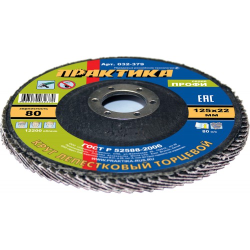 Круг лепестковый шлифовальный 125х22 Р80 ПРАКТИКА Профи (032-379)
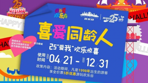 (新花橙平台) 从繁华都市开心地 开启欢乐新征程 25年前的故事始于一个“欢乐”的承诺。如今,欢乐谷品牌从“新”出发,开启新的征程,书写更多欢乐故事,描绘更多欢乐篇章。 为感谢谷迷们的支持,欢乐谷在直播期间推出了25周年超大福利包,九地欢乐谷接力,上演九城欢乐连连抢。“两毛五夜游欢乐谷、两块五尽享全天乐、二十五元一年玩过瘾”,直播间内的抢票可谓争分夺秒,谷迷们十分给力,走进直播间的人数不仅“蹭蹭蹭”地往上涨,还不断与主播弹幕互动,高潮不断,气氛热烈爆棚! 除此之外,据“爆笑两姐妹”的菠菜姐姐透露,年内欢乐谷品牌的25周年活动还将继续送出三大福利礼包。 一是喜爱同龄人-25“爱我”欢乐惊喜:从4月21日到年底,凡是1998年出生的游客享成人票5折优惠游玩欢乐谷;
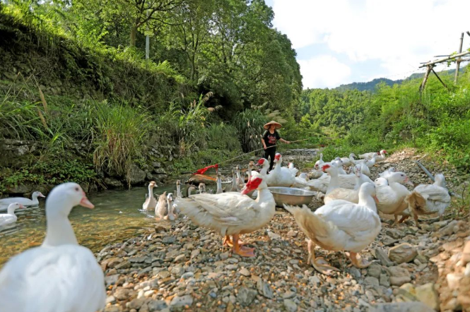 留隍农村家庭,通常会饲养一种“旱鸭子”。在池塘里不怎么欢,喜欢在房前屋后散步,大摇大摆不怕生,悠然自得。这种似鹅非鹅的家禽就是番鸭。番鸭是外来品种,享受着与番薯、番茄、番豆一样的冠名待遇,客家人称为“番鸭”。番鸭公体型肥硕,大的有10多斤;番鸭嫲体型小,匀称。黑毛、红鼻、颜值高,是传说中别人家的鸭子。
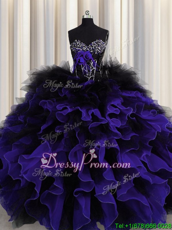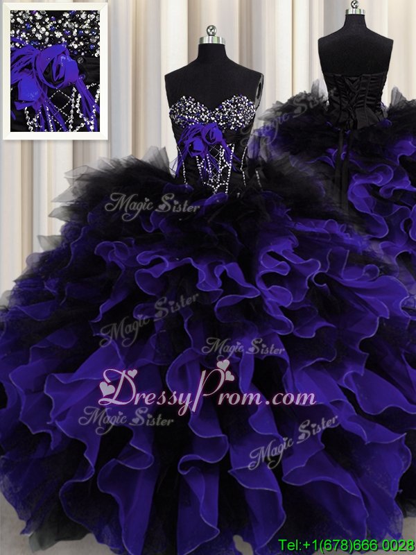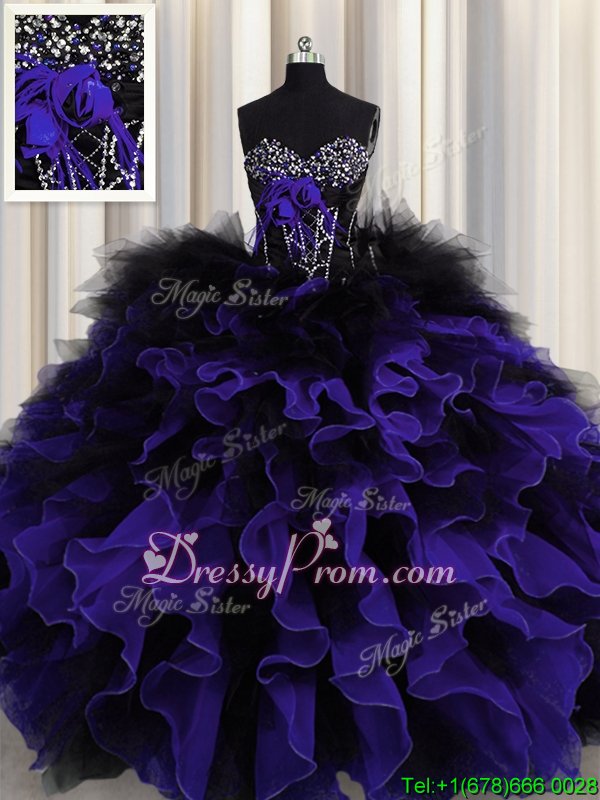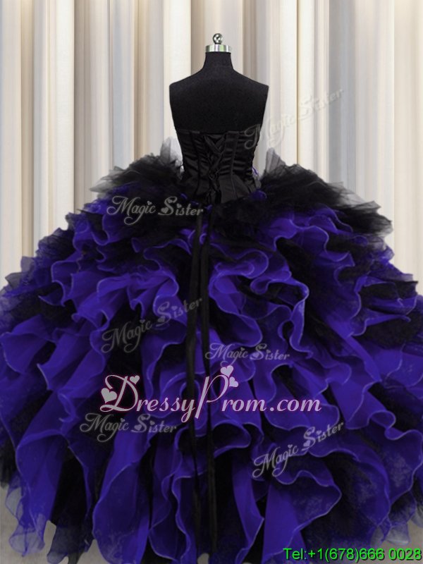 Neckline : SweetheartShown Color : Black And Purple Silhouette : Ball GownsSleeve Length : sleevelessHemline : floor lengthBack Detail : Lace upFabric : OrganzaEmbellishment : Beading,RufflesOccasion : Military Ball,Sweet 16,QuinceaneraSeason : Spring,Summer,Fall,Winter
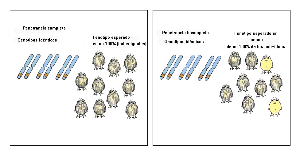 La penetrancia es la proporción de una población que expresa el fenotipo entre todos los que presentan un genotipo de un alelo determinado. Cuando esta proporción es inferior al 100%, se considera que el genotipo tiene una penetrancia reducida o incompleta. Por ejemplo, la enfermedad de Huntington presenta una penetrancia del 95%, lo cual implica que solamente un 5% de las personas portadoras del genotipo asociado a la patología no desarrollan síntomas de la enfermedad. En ningún caso el término penetrancia hace referencia al grado de expresión del fenotipo, en cuyo caso se hablaría de expresividad, sino tan solo a la presencia o ausencia de un fenotipo determinado.
========
EXERCISE BRIEF
All the lines above must be written out exactly, without a single picture.

EXERCISE SOLUTION
 Круг лепестковый шлифовальный 125х22 Р80 ПРАКТИКА Профи (032-379)
 (新花橙平台) 从繁华都市开心地 开启欢乐新征程 25年前的故事始于一个“欢乐”的承诺。如今,欢乐谷品牌从“新”出发,开启新的征程,书写更多欢乐故事,描绘更多欢乐篇章。 为感谢谷迷们的支持,欢乐谷在直播期间推出了25周年超大福利包,九地欢乐谷接力,上演九城欢乐连连抢。“两毛五夜游欢乐谷、两块五尽享全天乐、二十五元一年玩过瘾”,直播间内的抢票可谓争分夺秒,谷迷们十分给力,走进直播间的人数不仅“蹭蹭蹭”地往上涨,还不断与主播弹幕互动,高潮不断,气氛热烈爆棚! 除此之外,据“爆笑两姐妹”的菠菜姐姐透露,年内欢乐谷品牌的25周年活动还将继续送出三大福利礼包。 一是喜爱同龄人-25“爱我”欢乐惊喜:从4月21日到年底,凡是1998年出生的游客享成人票5折优惠游玩欢乐谷;
 留隍农村家庭,通常会饲养一种“旱鸭子”。在池塘里不怎么欢,喜欢在房前屋后散步,大摇大摆不怕生,悠然自得。这种似鹅非鹅的家禽就是番鸭。番鸭是外来品种,享受着与番薯、番茄、番豆一样的冠名待遇,客家人称为“番鸭”。番鸭公体型肥硕,大的有10多斤;番鸭嫲体型小,匀称。黑毛、红鼻、颜值高,是传说中别人家的鸭子。
 Neckline : SweetheartShown Color : Black And Purple Silhouette : Ball GownsSleeve Length : sleevelessHemline : floor lengthBack Detail : Lace upFabric : OrganzaEmbellishment : Beading,RufflesOccasion : Military Ball,Sweet 16,QuinceaneraSeason : Spring,Summer,Fall,Winter
 La penetrancia es la proporción de una población que expresa el fenotipo entre todos los que presentan un genotipo de un alelo determinado. Cuando esta proporción es inferior al 100%, se considera que el genotipo tiene una penetrancia reducida o incompleta. Por ejemplo, la enfermedad de Huntington presenta una penetrancia del 95%, lo cual implica que solamente un 5% de las personas portadoras del genotipo asociado a la patología no desarrollan síntomas de la enfermedad. En ningún caso el término penetrancia hace referencia al grado de expresión del fenotipo, en cuyo caso se hablaría de expresividad, sino tan solo a la presencia o ausencia de un fenotipo determinado.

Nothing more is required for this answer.